WayneRose-95 / Metacritic_Webscraper-

A side project on creating my own first web scraper.
GNU General Public License v3.0
0 stars 0 forks source link

Dealing with Timeout Exception #9

Closed WayneRose-95 closed 2 years ago

WayneRose-95 commented 2 years ago

Whilst running the scraper, the scraper can timeout occasionally, and show this error message.

Timeout Exception

A potential solution is either import TimeoutException from selenium.common.exceptions.

Pagination was also a suggestion on how to solve this.

Both answers need to be researched and tested to successfully debug this error.

WayneRose-95 commented 2 years ago

The timeout issue no longer occurs thanks to a simple try/except statement around the problematic line of code.

Git issue #9 new lines

However, this has opened up some new issues.

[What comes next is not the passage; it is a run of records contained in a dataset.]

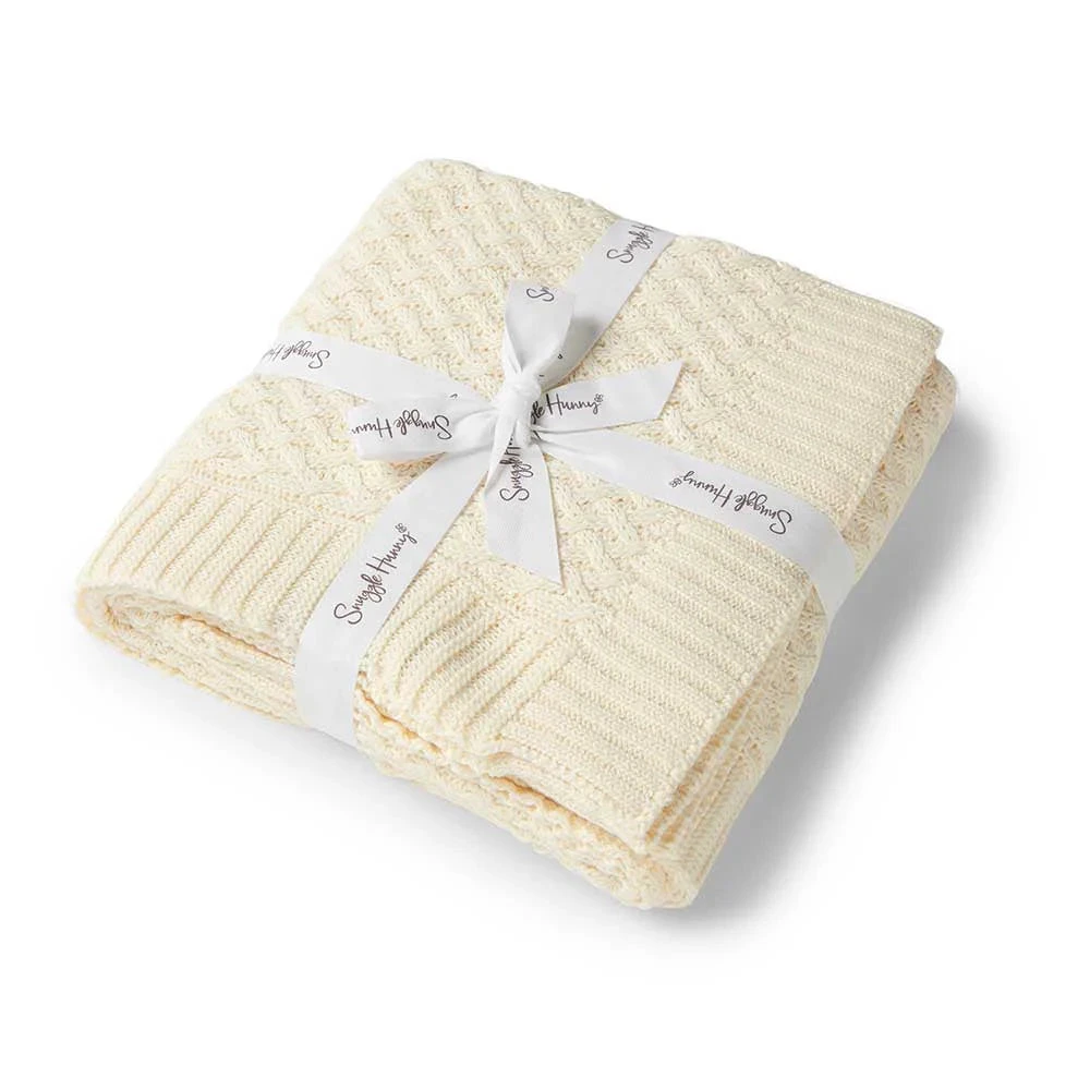 Our gorgeous Snuggle Hunny Cream Diamond Knit Baby Blanket is made from super soft 100% organic cotton and keeps your child snug and warm. This would make the perfect gift for a new baby or a baby shower.
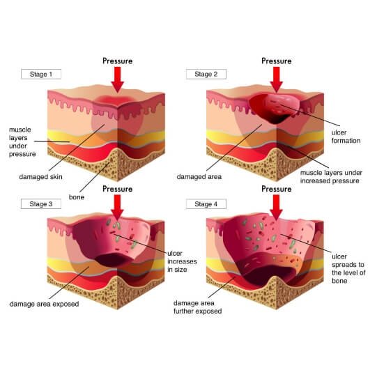 Bed sores also called pressure sores or pressure ulcers are injuries to skin and underlying tissue resulting from prolonged pressure on the skin. Bedsores most often develop on skin that covers bony areas of the body, such as the heels, ankles, hips and tailbone.
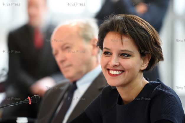 Jacques Toubon, Défenseur des droits, et Najat Vallaud-Belkacem lors d'une table-ronde autour de la prévention des comportements sexistes et des violences à l'école et sur la thématique de l'égalité filles-garçons - Paris - 25/11/2014 - Photo © Lionel Préau +33 (0)6 68 12 83 77
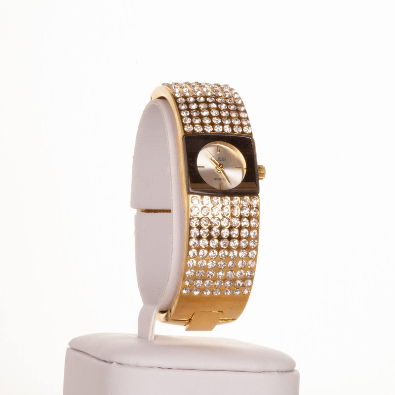 CUSSI dámské hodinky ve zlaté barvě se 7 řadami krystalů křemene
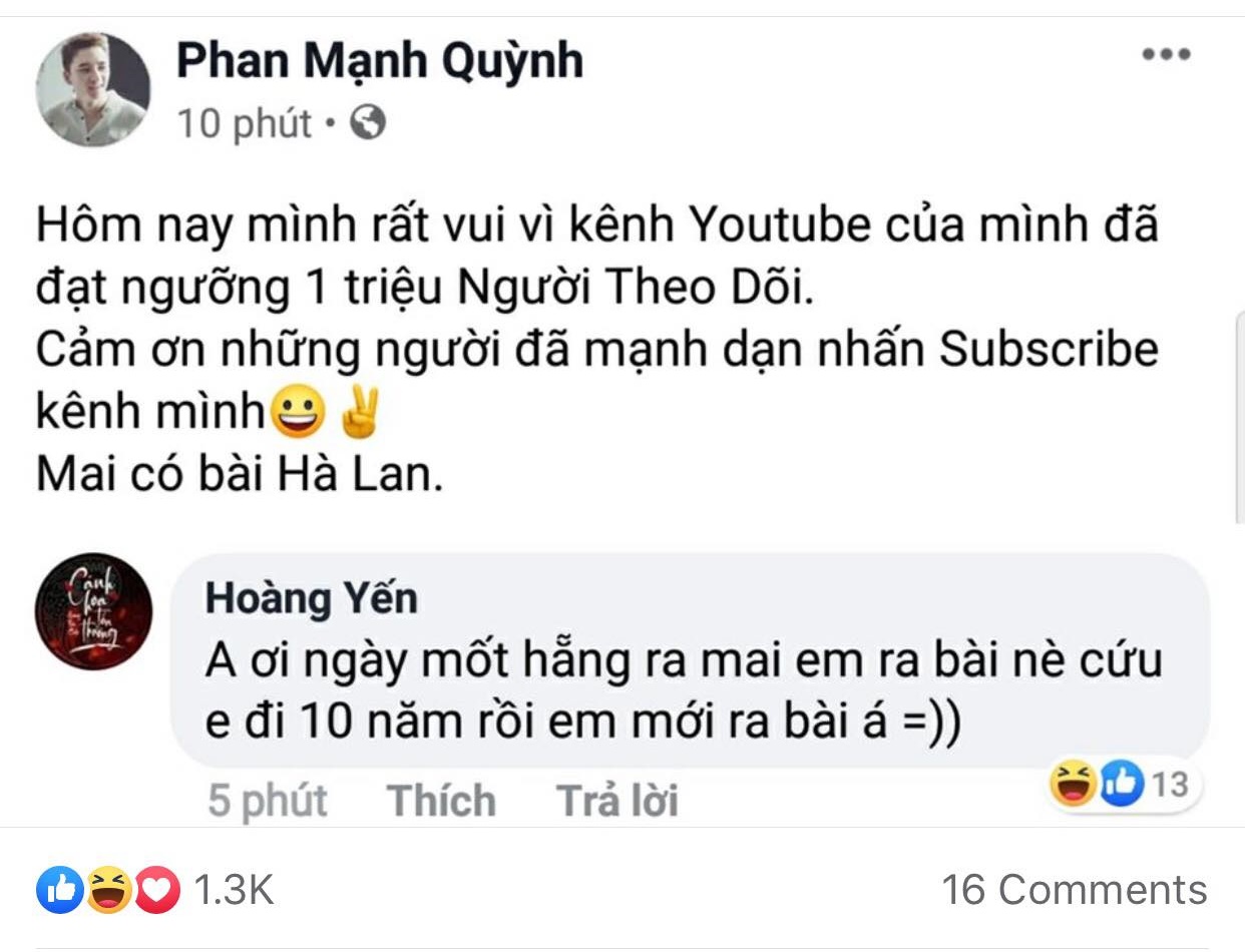 Cụ thể, Phan Mạnh Quỳnh đã chia sẻ trên trang cá nhân của mình về việc kênh Youtube đạt mốc 1 triệu người theo dõi, bên cạnh đó là lời hứa hẹn về ca khúc “Hà Lan” sẽ được ra mắt vào hôm sau. Tất nhiên đây là thông tin khiến người hâm mộ của nam ca sĩ vô cùng thích thú, hào hứng, tuy nhiên Hoàng Yến Chibi thì không hề cảm thấy “vui” vì điều này.
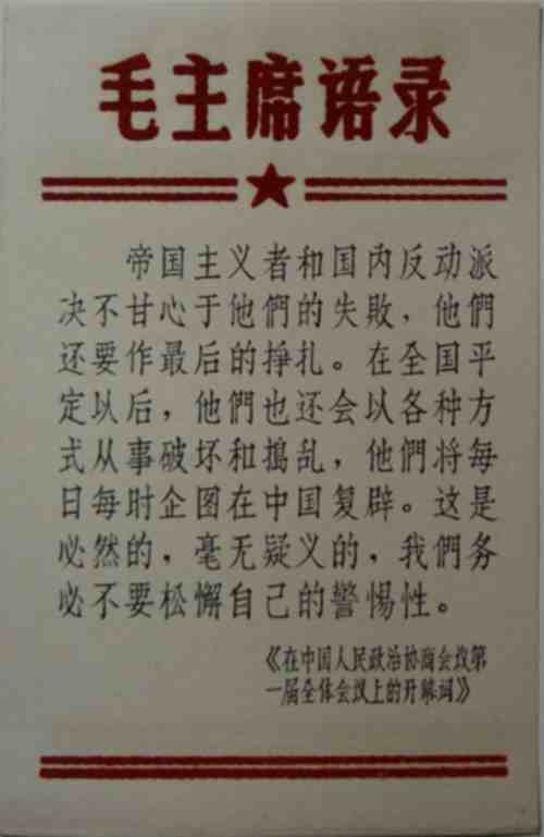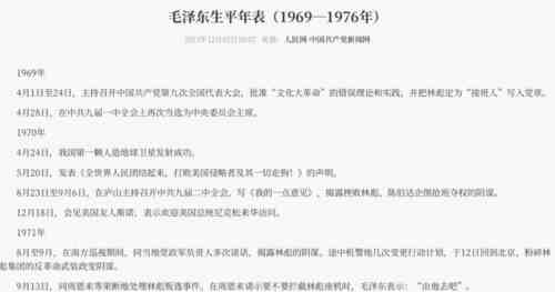 2、毛主席语录是否包含1971年内容?根据百度百科搜索,总政版《毛主席语录》第一版于1964年5月1日出版。1965年8月1日出版第二版,内容作了修订。人民出版社还编辑了一本《毛主席语录一百条》,副题“供工农群众学习兼作识字课本用”,于1966年10月排出样本,但最终没有发表。从中可见,这三版60年代的语录根本不可能含有1971年的内容。
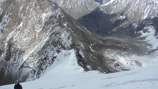 Пройдя место прошлой ночевки, в связках сбежали вниз по отрогу Звездного до перемычки между цирками Карасу и Аксу. Спуск оттуда в Карасу крутой и очень камнеопасный. В Аксу - довольно крутой, но проходимый без страховки осыпной склон. Обойдя скальные сбросы в нижней части взлета слева по ходу, мы спустились до ледниковых морен.
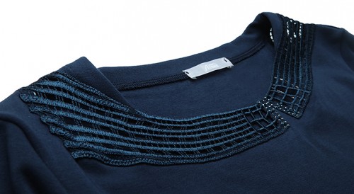 说到美观,不厚重当然只是一个方面,时尚的外观设计当然也是很有必要的。这款上衣的整体设计构思简约大气,易于搭配各类外衣的圆领设计,在领口位置上还拼接了镂空的不对称刺绣几何花片。虽然看似随意的花片实则是爱慕的精心放置。再加上水钻的点缀,让暖衣更加凸显其时尚的设计品味,也为穿着者的冬日,增添了一笔精致的温暖。
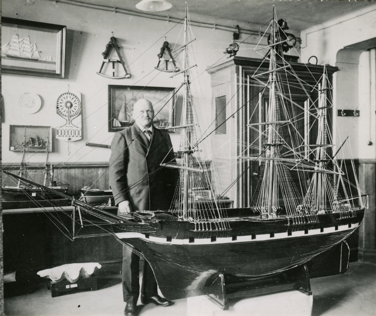 Kapten Pettersson vid sitt avslutande arbete med reparation av riggen till ett fregattriggat skepp i det gamla Sjöfartsmuseet på Skeppsbron 46, Stockholm.
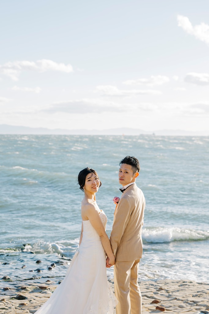 内海でのロケーション撮影で強風で大変でしたが、カメラマンさんもスタイリストさんもとても気遣ってくださりスムーズに撮影ができました。カットも色々とご提案くださり、大変満足です。小物やアクセサリーは最低限でしたが、ロケーションもよく、カットもたくさん撮っていただいたのでトータルでとても満足してます。
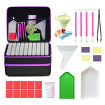 Cette mallette ne se limite pas à un simple rangement ; elle est équipée de trois niveaux spacieux et d'accessoires pratiques, dont un grand plateau à diamants, un plateau standard, quatre stylos à strass, une équerre, un entonnoir, une pince, des sachets, des autocollants et un carré de colle. Parfaite pour les puristes, elle vous permet de garder vos fournitures bien organisées et prêtes à l'emploi !
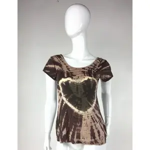 Jayli Imports M12SWtop:M12S-brn-S Viscose Heart Tie Dye T-Shirt in Brown (Pack of 1)

Most notably, some records are being missed:

Git Issue #9 Missing Records

And the last page is no longer being scraped

Git issue Page Switching Bug

For reference, here is the method, sample_scraper, which is responsible for combining the other methods together to scrape pages.

Git Issue #9 Code

WayneRose-95 commented 2 years ago

The timeout exception along with the page switching method have been dealt with, however this raises another issues with dealing with the missing values present within the dataset.